Google’s deep learning helps develops faster chips

The work marks a beginning in using machine learning techniques to optimize the architecture of chips.

The so-called search space of an accelerator chip for artificial intelligence, meaning, the functional blocks that the chip’s architecture must optimize for. Characteristic to many AI chips are parallel, identical processor elements for masses of simple math operations, here called a “PE,” for doing lots of vector-matrix multiplications that are the workhorse of neural net processing.

A year ago, ZDNet spoke with Google Brain director Jeff Dean about how the company is using artificial intelligence to advance its internal development of custom chips to accelerate its software. Dean noted that deep learning forms of artificial intelligence can in some cases make better decisions than humans about how to lay out circuitry in a chip.

This month, Google unveiled to the world one of those research projects, called Apollo, in a paper posted on the arXiv file server, “Apollo: Transferable Architecture Exploration,” and a companion blog post by lead author Amir Yazdanbakhsh.

Apollo represents an intriguing development that moves past what Dean hinted at in his formal address a year ago at the International Solid State Circuits Conference, and in his remarks to ZDNet.

In the example Dean gave at the time, machine learning could be used for some low-level design decisions, known as “place and route.” In place and route, chip designers use software to determine the layout of the circuits that form the chip’s operations, analogous to designing the floor plan of a building.

In Apollo, by contrast, rather than a floor plan, the program is performing what Yazdanbakhsh and colleagues call “architecture exploration.”

The architecture for a chip is the design of the functional elements of a chip, how they interact, and how software programmers should gain access to those functional elements.

For example, a classic Intel x86 processor has a certain amount of on-chip memory, a dedicated arithmetic-logic unit, and a number of registers, among other things. The way those parts are put together gives the so-called Intel architecture its meaning.

Asked about Dean’s description, Yazdanbakhsh told ZDNet in email, “I would see our work and place-and-route project orthogonal and complementary.

“Architecture exploration is much higher-level than place-and-route in the computing stack,” explained Yazdanbakhsh, referring to a presentation by Cornell University’s Christopher Batten.

“I believe it [architecture exploration] is where a higher margin for performance improvement exists,” said Yazdanbakhsh.

Yazdanbakhsh and colleagues call Apollo the “first transferable architecture exploration infrastructure,” the first program that gets better at exploring possible chip architectures the more it works on different chips, thus transferring what is learned to each new task.
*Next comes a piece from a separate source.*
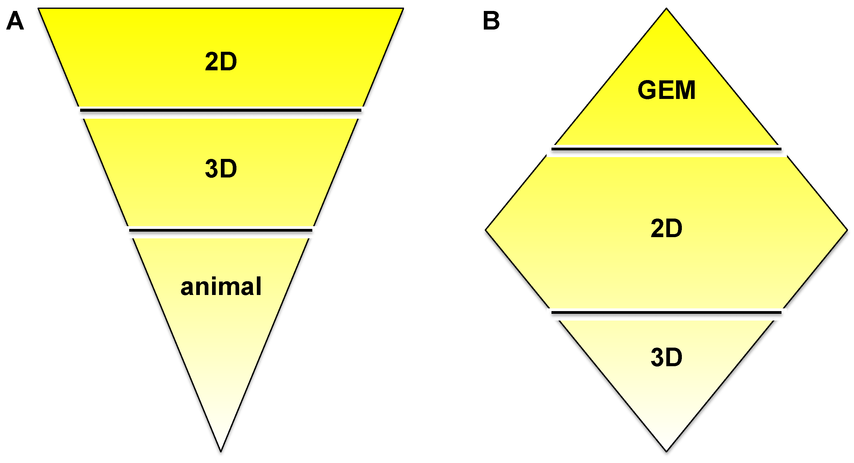 In order to accommodate all claims listed in the introduction—to recreate tumor progression, migration, invasion, its interaction with the microenvironment, drug delivery and bioavailability, but also ease of use and cost—we suggest a combination of multiple models as outlined in Figure 7. The ‘upside-down triangle approach’ (Figure 7A) is often used to perform drug discovery/development studies: Initial high-throughput screening in 2D culture using a high number of cell lines or primary cells and/or compounds or drug combinations. From the 2D experiments certain conditions of interest may be chosen for the next step, a semi-high-throughput screen in 3D culture. Based on data generated in 3D models, the final step should be the appropriate animal experiments. In vitro pre-screening should lead to the involvement of significantly fewer animals and therefore should provide a cost- and time-effective as well as ethically acceptable approach. An alternative is the ‘diamond approach’, in which cell lines can be isolated from a tumor growing in a GEM and characterized in 2D and then 3D culture. Similarly, either approach can be applied for mechanistic studies. The decision on which approach to apply may be guided by the pros and cons discussed in this review.

The chips that Yazdanbakhsh and the team are developing are themselves chips for AI, known as accelerators. This is the same class of chips as the Nvidia A100 “Ampere” GPUs, the Cerebras Systems WSE chip, and many other startup parts currently hitting the market. Hence, a nice symmetry, using AI to design chips to run AI.

Given that the task is to design an AI chip, the architectures that the Apollo program is exploring are architectures suited to running neural networks. And that means lots of linear algebra, lots of simple mathematical units that perform matrix multiplications and sum the results.

The team define the challenge as one of finding the right mix of those math blocks to suit a given AI task. They chose a fairly simple AI task, a convolutional neural network called MobileNet, which is a resource-efficient network introduced in 2017 by Andrew G. Howard and colleagues at Google. In addition, they tested workloads using several internally-designed networks for tasks such as object detection and semantic segmentation.

In this way, the goal becomes, What are the right parameters for the architecture of a chip such that for a given neural network task, the chip meets certain criteria such as speed?

The search involved sorting through over 452 million parameters, including how many of the math units, called processor elements, would be used, and how much parameter memory and activation memory would be optimal for a given model.

The virtue of Apollo is to put a variety of existing optimization methods head to head, to see how they stack up in optimizing the architecture of a novel chip design. Here, violin plots show the relative results.

Apollo is a framework, meaning that it can take a variety of methods developed in the literature for so-called black box optimization and it can adapt those methods to the particular workloads, and compare how each method does in terms of solving the goal.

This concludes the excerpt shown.